--- Extracted material ---
━━━━━━

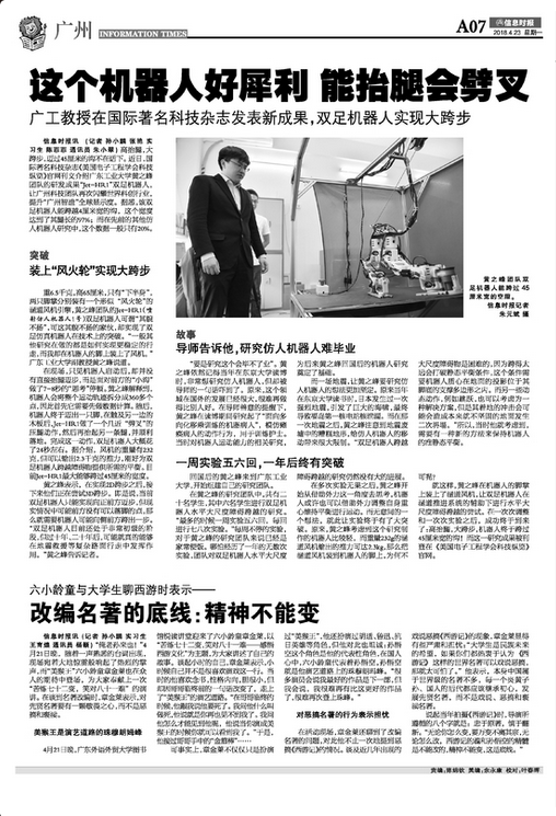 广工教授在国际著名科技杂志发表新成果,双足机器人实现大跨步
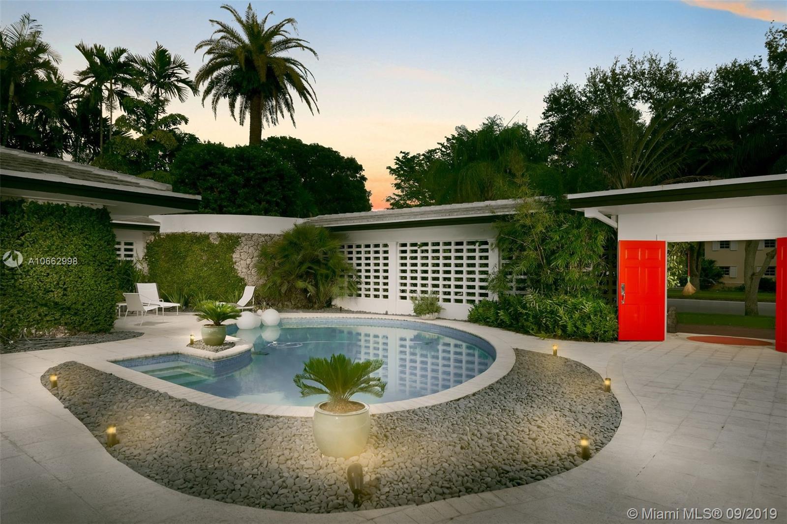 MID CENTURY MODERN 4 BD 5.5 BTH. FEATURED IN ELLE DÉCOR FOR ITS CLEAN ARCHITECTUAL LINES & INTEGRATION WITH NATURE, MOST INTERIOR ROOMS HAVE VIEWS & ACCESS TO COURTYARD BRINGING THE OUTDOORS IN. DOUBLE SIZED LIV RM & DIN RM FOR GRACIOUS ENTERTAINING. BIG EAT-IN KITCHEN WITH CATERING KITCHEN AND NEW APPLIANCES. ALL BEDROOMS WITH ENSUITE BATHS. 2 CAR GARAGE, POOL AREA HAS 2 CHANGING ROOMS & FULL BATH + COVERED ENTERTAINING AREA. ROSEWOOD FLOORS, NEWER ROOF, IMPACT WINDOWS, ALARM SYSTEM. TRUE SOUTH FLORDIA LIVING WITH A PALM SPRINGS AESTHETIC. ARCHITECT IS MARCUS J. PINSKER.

━━━━━━

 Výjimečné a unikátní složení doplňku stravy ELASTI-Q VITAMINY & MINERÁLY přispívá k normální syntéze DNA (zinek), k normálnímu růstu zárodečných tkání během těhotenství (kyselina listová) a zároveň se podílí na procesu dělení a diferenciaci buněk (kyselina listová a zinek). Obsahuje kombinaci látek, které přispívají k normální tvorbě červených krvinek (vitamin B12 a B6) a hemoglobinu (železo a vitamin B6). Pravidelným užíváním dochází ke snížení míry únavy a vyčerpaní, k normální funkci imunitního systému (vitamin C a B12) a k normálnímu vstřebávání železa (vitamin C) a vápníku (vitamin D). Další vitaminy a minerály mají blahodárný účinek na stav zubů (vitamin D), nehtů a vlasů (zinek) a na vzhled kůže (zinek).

━━━━━━

--- What this task involves ---
Copy word for word only the lines above from the one with "广工教授在国际著名科技杂志发表新成果,双足机器人实现大跨步" through the one with "MID CENTURY MODERN". Leave pictures out.

--- Response below ---
 广工教授在国际著名科技杂志发表新成果,双足机器人实现大跨步
 MID CENTURY MODERN 4 BD 5.5 BTH. FEATURED IN ELLE DÉCOR FOR ITS CLEAN ARCHITECTUAL LINES & INTEGRATION WITH NATURE, MOST INTERIOR ROOMS HAVE VIEWS & ACCESS TO COURTYARD BRINGING THE OUTDOORS IN. DOUBLE SIZED LIV RM & DIN RM FOR GRACIOUS ENTERTAINING. BIG EAT-IN KITCHEN WITH CATERING KITCHEN AND NEW APPLIANCES. ALL BEDROOMS WITH ENSUITE BATHS. 2 CAR GARAGE, POOL AREA HAS 2 CHANGING ROOMS & FULL BATH + COVERED ENTERTAINING AREA. ROSEWOOD FLOORS, NEWER ROOF, IMPACT WINDOWS, ALARM SYSTEM. TRUE SOUTH FLORDIA LIVING WITH A PALM SPRINGS AESTHETIC. ARCHITECT IS MARCUS J. PINSKER.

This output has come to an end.